The Journal of Thoracic and Cardiovascular Surgery
Volume 139, Issue 4 , Pages 874-880, April 2010

Cold blood cardioplegia reduces the increase in cardiac enzyme levels compared with cold crystalloid cardioplegia in patients undergoing aortic valve replacement for isolated aortic stenosis

  • Bjørn Braathen, MD
  • ,
  • Theis Tønnessen, MD, PhD

      Affiliations

    • Corresponding Author InformationAddress for reprints: Theis Tønnessen, MD, PhD, Department of Cardiothoracic Surgery, Ullevål University Hospital, and University of Oslo, Oslo, Norway.

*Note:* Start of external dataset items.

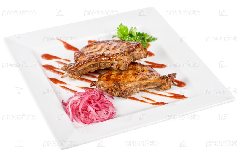 Жареное мясо свинины на тарелке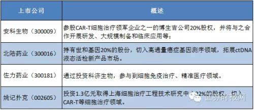 目前A股市场上出现了众多拥有免疫治疗产品的上市公司,其中不少于近年来通过参股收购等方式快速切入其中。除了中源协和意外,下述公司也具有“免疫疗法”概念股。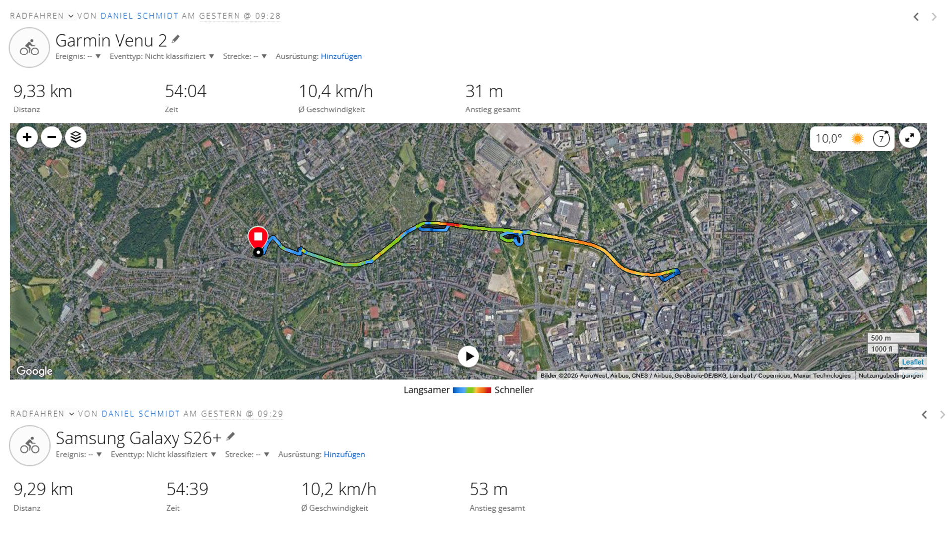 Confrontiamo il telefono Samsung con un Garmin Venu 2 durante un giro in bicicletta. Le deviazioni dal nostro percorso sono piccole nel test e, in alcuni casi, migliori di quelle del nostro smartwatch di riferimento.

Department of Cardiothoracic Surgery, Ullevål University Hospital, University of Oslo, and Center for Heart Failure Research, Oslo, Norway

Received 16 March 2009; received in revised form 26 April 2009; accepted 31 May 2009. published online 27 July 2009.

Objectives

Cardiac arrest during cardiac surgery is most commonly induced by cold blood or cold crystalloid cardioplegia. The results from clinical studies are divergent regarding which of the 2 solutions provides better myocardial protection. This might be explained by several factors. Both heterogeneity in disease for the included patients and the fact that most studies are retrospective in design and that patients with coronary artery disease with different degrees of myocardial ischemia are included might explain these findings. To circumvent these potentially confounding factors, we included in a prospective randomized study only patients undergoing aortic valve replacement for aortic stenosis without other significant cardiac disease. Patients were randomized to antegrade cold crystalloid or cold blood cardioplegia.

Methods

Eighty patients with aortic stenosis undergoing aortic valve replacement without significant coronary artery stenosis or other significant concomitant heart valve disease were included in the study. They were randomized to either antegrade cold blood or cold crystalloid cardioplegic solution delivered through the coronary ostia every 20 minutes throughout the period of aortic crossclamping. Maximum postoperative creatine kinase isoenzyme MB and troponin-T levels, well-established markers of myocardial damage, were compared between the 2 groups.

Results

Both maximum postoperative creatine kinase isoenzyme MB and troponin-T levels were significantly higher by approximately 100% in the cohort of patients receiving crystalloid compared with blood cardioplegia. Only in the group of patients receiving cold crystalloid cardioplegia was there a positive correlation between cardiac enzyme levels and crossclamp time.

Conclusion

Antegrade cold blood cardioplegia provides better myocardial protection than cold crystalloid cardioplegia in patients undergoing aortic valve replacement.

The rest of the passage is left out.